- **YOUR OBJECTIVE**:
A faithful copy of the entries, without any pictures, is what is needed here.

- **RECORDS TO PROCESS**:
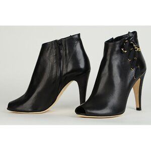 Unique Features: Ankle Boots, Open Toeline, Inner Zip Closure, Faux Lace0up Detail on Side with Bow Adorned with Contrasting Goldtone Hardware Chain. Stacked High Heel
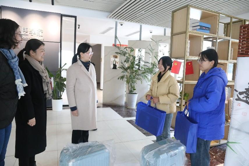 1月2日,新年伊始,校党委副书记、副校长沈艺代表学校来到长宁校区“一站式”学生社区,看望慰问学生,送去冬日里的关怀与温暖。校党委学(研)工部负责人、相关学院党委副书记以及社区办老师等陪同参与。沈艺一行为学生送上了实用的行李箱和学习五件套等慰问品,并与学生亲切交流,详细询问了毕业论文完成和实习情况。沈艺叮嘱同学们认真准备即将到来的毕业论文预答辩,鼓励同学们在求职过程中积极面对挑战,展现自己的综合素质和竞争力。学生们表示,在新年伊始就收到来自学校的慰问和关心,感到非常温暖。据悉,今年我校已向549名家庭经济困难学生发放了冬季送温暖物资,向518名外地困难学生发放了寒假回家路费补贴,切实为学生提供了实质性的帮助和支持。
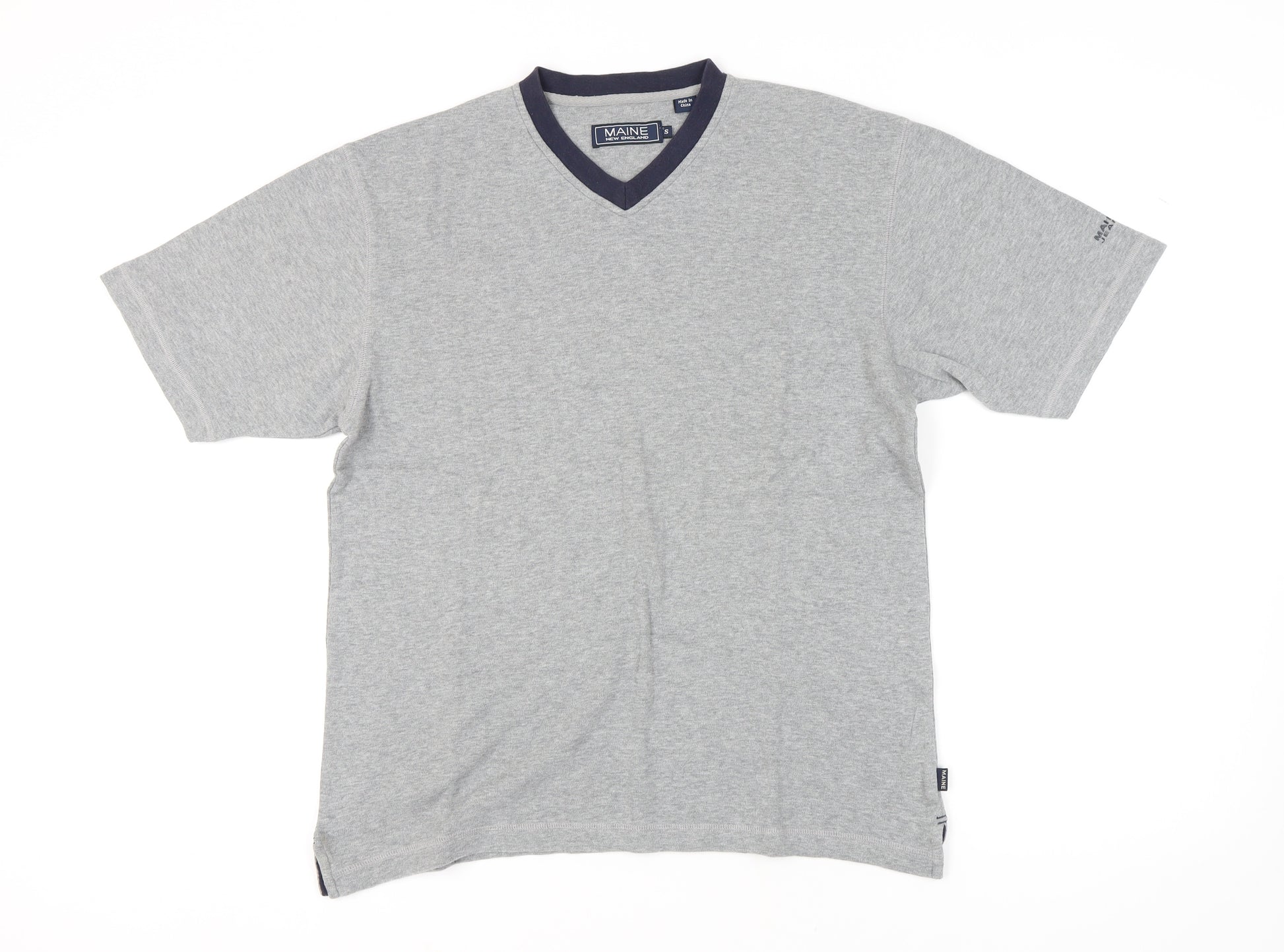 Discover casual comfort with the Maine New England Men's T-Shirt, crafted in a versatile grey shade. This classic V-neck shirt offers a relaxed fit, perfect for everyday wear. Made from quality fabric, it's machine washable for easy care. Ideal for all-day comfort with short sleeves, this solid pattern tee adds a staple piece to any wardrobe. Experience effortless style with the simplicity of a solid grey design, providing the flexibility to wear solo or layered. The small size fits regular body types, ensuring a comfortable fit for men looking to enhance their casual collection. Whether heading to a casual outing or lounging at home, this T-shirt delivers essential style. Embrace the ease and simplicity of this must-have garment that complements any casual ensemble.
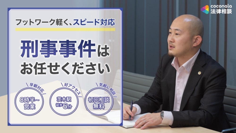 【茨木駅徒歩6分】【初回電話相談無料】【スピード対応】根気強い主張と地道な交渉が強みです!性犯罪/窃盗罪/薬物事件など幅広く対応。「まず何から解決すべきか分からない」という方も、お気軽にご相談ください【朝8:30から営業】【電話相談可】
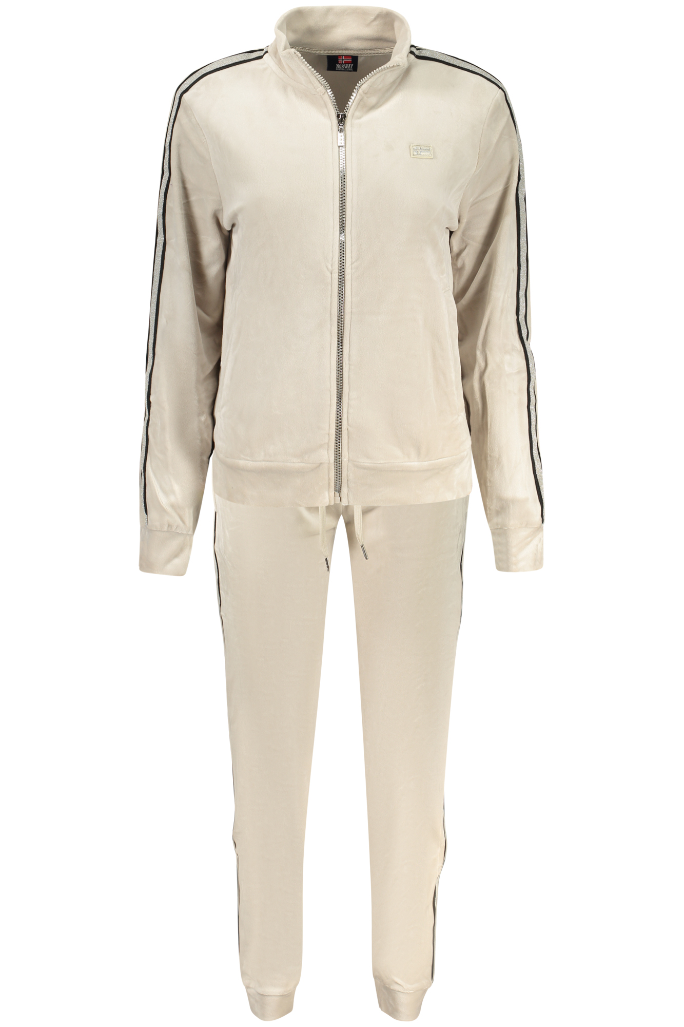 TUTA SPORTIVA, FELPA MANICHE LUNGHE, 2 TASCHE, FULL ZIP, PANTALONE, ELASTICO IN VITA CON LACCI, 2 TASCHE, POLSINO ALLA CAVIGLIA, DETTAGLI A CONTRASTO, APPLICAZIONE, LOGO
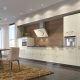 В фасадах встроена вся техника, включая холодильник и микроволновую печь. Изюминкой проекта является современный дизайн центральной части.
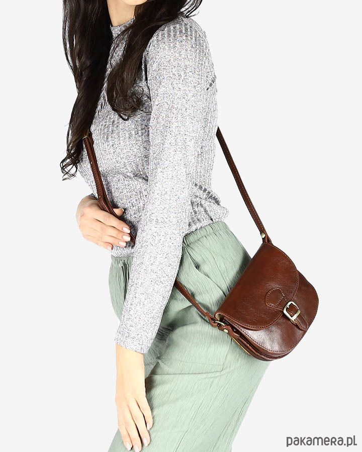 Torebka przez ramię włoska listonoszka skórzana - MARCO MAZZINI brąz
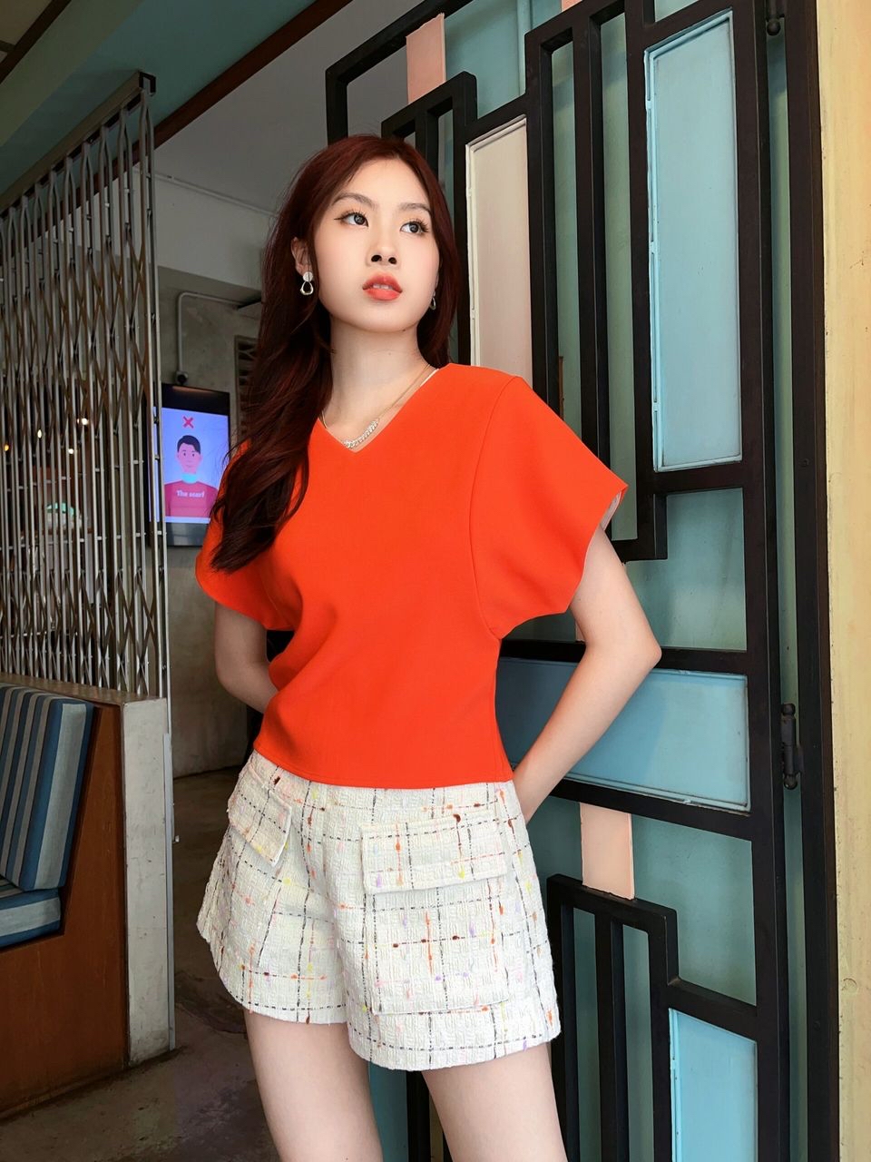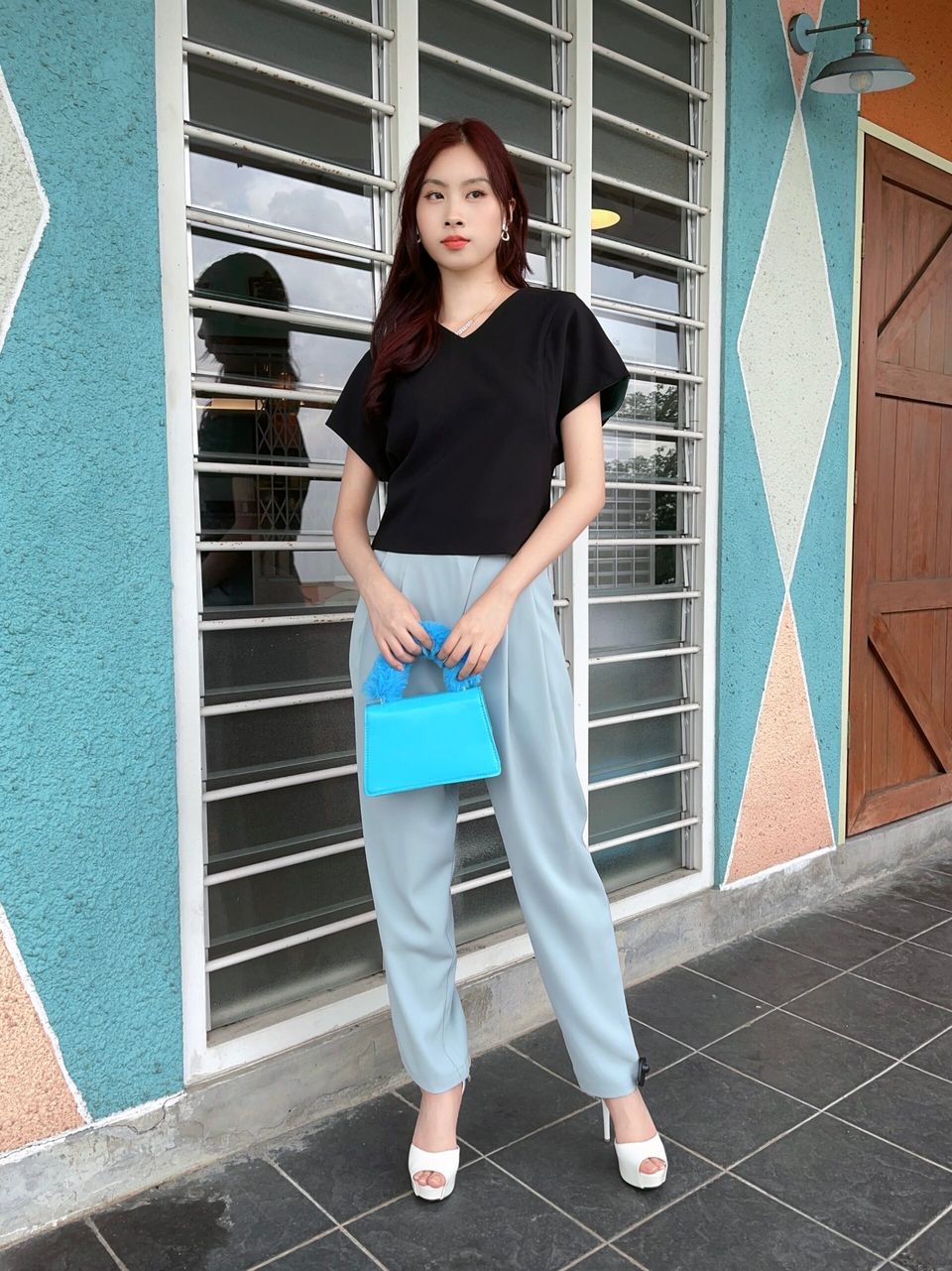 The V-Neck Basic Top features a clean neckline that flatters the collarbone, bringing a touch of elegance to your look. Crafted from lightweight, comfortable fabric, its minimalist cut makes it versatile and easy to style with pants or skirts, perfect for both workdays and casual outings.

- **EXERCISE RESULT**:
 Unique Features: Ankle Boots, Open Toeline, Inner Zip Closure, Faux Lace0up Detail on Side with Bow Adorned with Contrasting Goldtone Hardware Chain. Stacked High Heel
 1月2日,新年伊始,校党委副书记、副校长沈艺代表学校来到长宁校区“一站式”学生社区,看望慰问学生,送去冬日里的关怀与温暖。校党委学(研)工部负责人、相关学院党委副书记以及社区办老师等陪同参与。沈艺一行为学生送上了实用的行李箱和学习五件套等慰问品,并与学生亲切交流,详细询问了毕业论文完成和实习情况。沈艺叮嘱同学们认真准备即将到来的毕业论文预答辩,鼓励同学们在求职过程中积极面对挑战,展现自己的综合素质和竞争力。学生们表示,在新年伊始就收到来自学校的慰问和关心,感到非常温暖。据悉,今年我校已向549名家庭经济困难学生发放了冬季送温暖物资,向518名外地困难学生发放了寒假回家路费补贴,切实为学生提供了实质性的帮助和支持。
 Discover casual comfort with the Maine New England Men's T-Shirt, crafted in a versatile grey shade. This classic V-neck shirt offers a relaxed fit, perfect for everyday wear. Made from quality fabric, it's machine washable for easy care. Ideal for all-day comfort with short sleeves, this solid pattern tee adds a staple piece to any wardrobe. Experience effortless style with the simplicity of a solid grey design, providing the flexibility to wear solo or layered. The small size fits regular body types, ensuring a comfortable fit for men looking to enhance their casual collection. Whether heading to a casual outing or lounging at home, this T-shirt delivers essential style. Embrace the ease and simplicity of this must-have garment that complements any casual ensemble.
 【茨木駅徒歩6分】【初回電話相談無料】【スピード対応】根気強い主張と地道な交渉が強みです!性犯罪/窃盗罪/薬物事件など幅広く対応。「まず何から解決すべきか分からない」という方も、お気軽にご相談ください【朝8:30から営業】【電話相談可】
 TUTA SPORTIVA, FELPA MANICHE LUNGHE, 2 TASCHE, FULL ZIP, PANTALONE, ELASTICO IN VITA CON LACCI, 2 TASCHE, POLSINO ALLA CAVIGLIA, DETTAGLI A CONTRASTO, APPLICAZIONE, LOGO
 В фасадах встроена вся техника, включая холодильник и микроволновую печь. Изюминкой проекта является современный дизайн центральной части.
 Torebka przez ramię włoska listonoszka skórzana - MARCO MAZZINI brąz
 The V-Neck Basic Top features a clean neckline that flatters the collarbone, bringing a touch of elegance to your look. Crafted from lightweight, comfortable fabric, its minimalist cut makes it versatile and easy to style with pants or skirts, perfect for both workdays and casual outings.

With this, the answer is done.